Another classic is Christine Leigh Heyrman’s Southern Cross: The Beginnings of the Bible Belt. In this book, Heyrman describes the arrival of the Baptists, Methodists, and Presbyterians in the antebellum South and examines how evangelicalism displaced Anglicanism as the dominant religion of the South, as well as how southern evangelicalism came to embrace southern attitudes on slavery, race, gender and dominated the religious landscape of the South. As she mentions in the book, Evangelicalism came late to the American south, as an exotic import rather than an indigenous development. Before the 1740s, the South was dominated by the Anglicanism and Evangelicalism played little significance in it.
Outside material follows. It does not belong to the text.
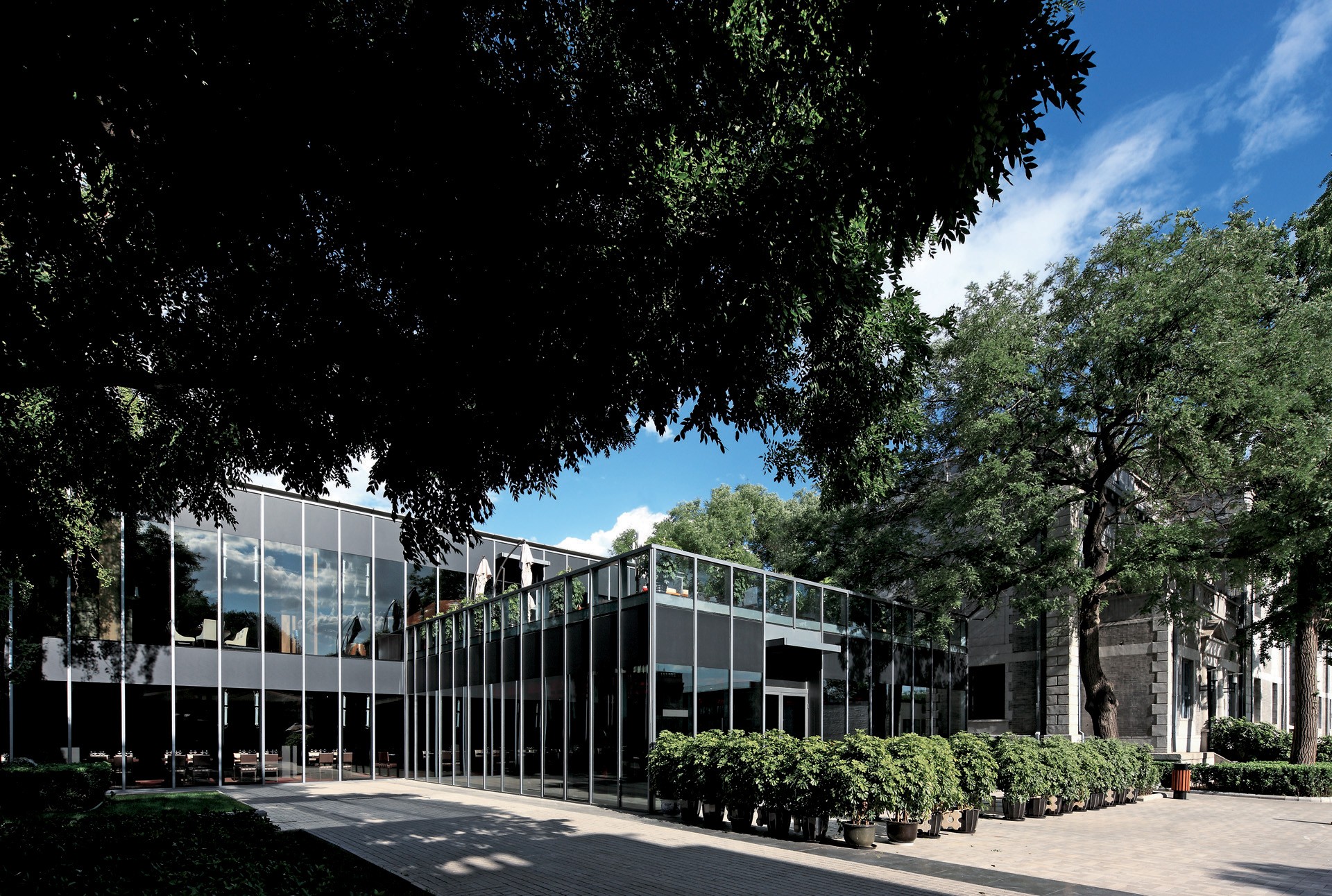 项目原址为20世纪初美国公使馆所在地,有五栋北京市文物保护建筑,改造方案通过对院落的复建和整治,形成包括餐饮、俱乐部、画廊、剧场在内的顶级文化、生活时尚中心。增加的新建筑采用前低后高、缩小体量的策略,处于从属地位。新老建筑内部相连,主入口仍在老楼中,保持院落原有格局。新老建筑相连处采用钢和玻璃的轻型构造,新建筑在形态上也尽可能通透、轻巧,简约精致的技术和材料也能明显区别建筑的年代。

However, two factors greatly changed the religious landscape in the South. One was the demographical fluidity, which caused a large number of Scots-Irish Presbyterians and German pietists to come to the south. As she points out, “settlers began to spill south and west of Pennsylvania, pushing into the Shenandoah Valley of Virginia during the 1740s, into the backcountry of the Carolinas and Georgia during the 1750s and 1760s, and later into adjacent Kentucky and Tennessee. These newcomers came mainly from the ranks of Scots-Irish Presbyterians and German pietists like the Moravians, Dunkers, Mennonites, and Schwenkfelders.” Also, the evangelical revivals in the northern colonies in the first half of the 18th century greatly transmitted evangelical ideas in the south and inspired the southerners to become evangelicals. As she notices, “in the late 1740s, Presbyterian preachers from New York and New Jersey began proselytizing in the Virginia Piedmont; by the 1750s, a group known as the Separate Baptists moved from New England to central North Carolina and quickly extended their influence to surrounding colonies; and in the late 1760s, the first English Methodist missionaries began preaching in Delaware, Maryland, and Virginia.” As more and more Methodist missionaries and Presbyterians preached in the south, traditional religious views of the Anglicanism were greatly challenged and more people converted to evangelicals rather than Anglicans.
Through examining various religious groups and their roles in southern states, Christine discusses religious dissemination and its impact on religious proselytization. Rather than focus on a specific religious group in a state, Christine explores it from an inter-state perspective, which greatly enriches our understanding of religious change in the American south.